- **Your goal**:
Repeat the listing below word for word, minus the pictures.

- **Data**:
-----

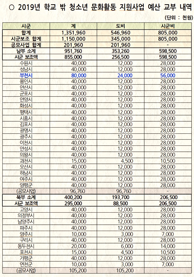 À̹ø¿¡ ¼±Á¤µÈ Çб³ ¹Û û¼Ò³â ¹®ÈȰµ¿ ¿ì¼öÇÁ·Î±×·¥¿¡´Â Çб³ ¹Û û¼Ò³â ¿ì¸®µ¿³× ¹®Ã¼´É(ºÎõ½Ã), Æø·Â¿¹¹æ ¹ÂÁöÄà °ø¿¬(¾È¾ç½Ã), 3DÇÁ¸°ÅÍ·Î ·Îº¿ ¸¸µé±â(±¤ÁÖ½Ã), »·(Fun)ÇÑ ²Þ Á¦ÀÛ¼Ò(±¸¸®½Ã) µî 15°³ »ç¾÷À̸ç, ¿ì¼öÇÁ·Î±×·¥Àº °¢ ½Ã¤ý±ºº° ¹®ÈȰµ¿ Áö¿ø»ç¾÷°ú´Â º°°³·Î ¿î¿µµÈ´Ù.
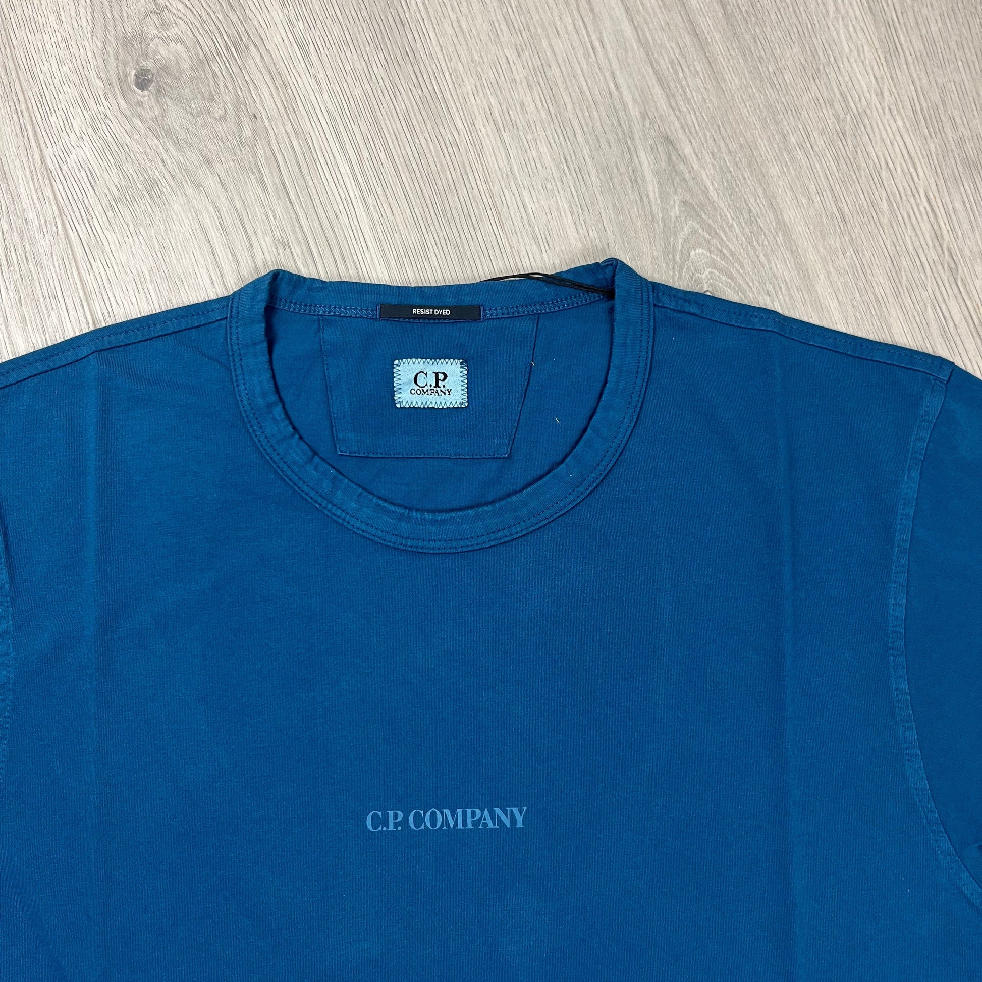 Ink Blue CP Company 24/1 jersey dyed relaxed fit T-shirt with small tonal logo print on the chest
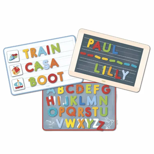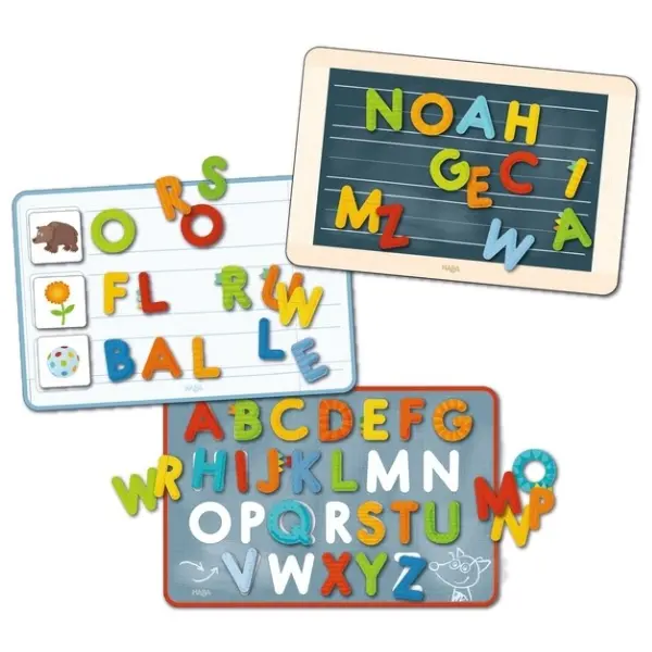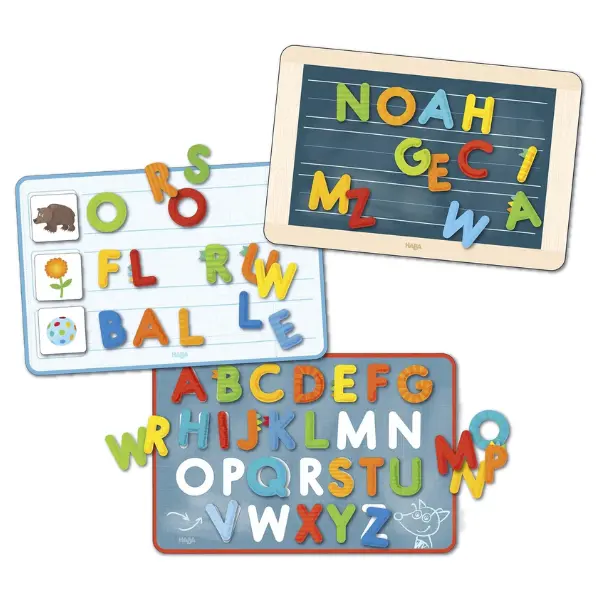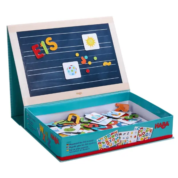 Com 3 cenários à escolha, as crianças podem usar as 147 peças magnéticas para aprender as letras e escrever frases simples, aprendendo de forma divertida.

-----

- **Output of the exercise**:
 À̹ø¿¡ ¼±Á¤µÈ Çб³ ¹Û û¼Ò³â ¹®ÈȰµ¿ ¿ì¼öÇÁ·Î±×·¥¿¡´Â Çб³ ¹Û û¼Ò³â ¿ì¸®µ¿³× ¹®Ã¼´É(ºÎõ½Ã), Æø·Â¿¹¹æ ¹ÂÁöÄà °ø¿¬(¾È¾ç½Ã), 3DÇÁ¸°ÅÍ·Î ·Îº¿ ¸¸µé±â(±¤ÁÖ½Ã), »·(Fun)ÇÑ ²Þ Á¦ÀÛ¼Ò(±¸¸®½Ã) µî 15°³ »ç¾÷À̸ç, ¿ì¼öÇÁ·Î±×·¥Àº °¢ ½Ã¤ý±ºº° ¹®ÈȰµ¿ Áö¿ø»ç¾÷°ú´Â º°°³·Î ¿î¿µµÈ´Ù.
 Ink Blue CP Company 24/1 jersey dyed relaxed fit T-shirt with small tonal logo print on the chest
 Com 3 cenários à escolha, as crianças podem usar as 147 peças magnéticas para aprender as letras e escrever frases simples, aprendendo de forma divertida.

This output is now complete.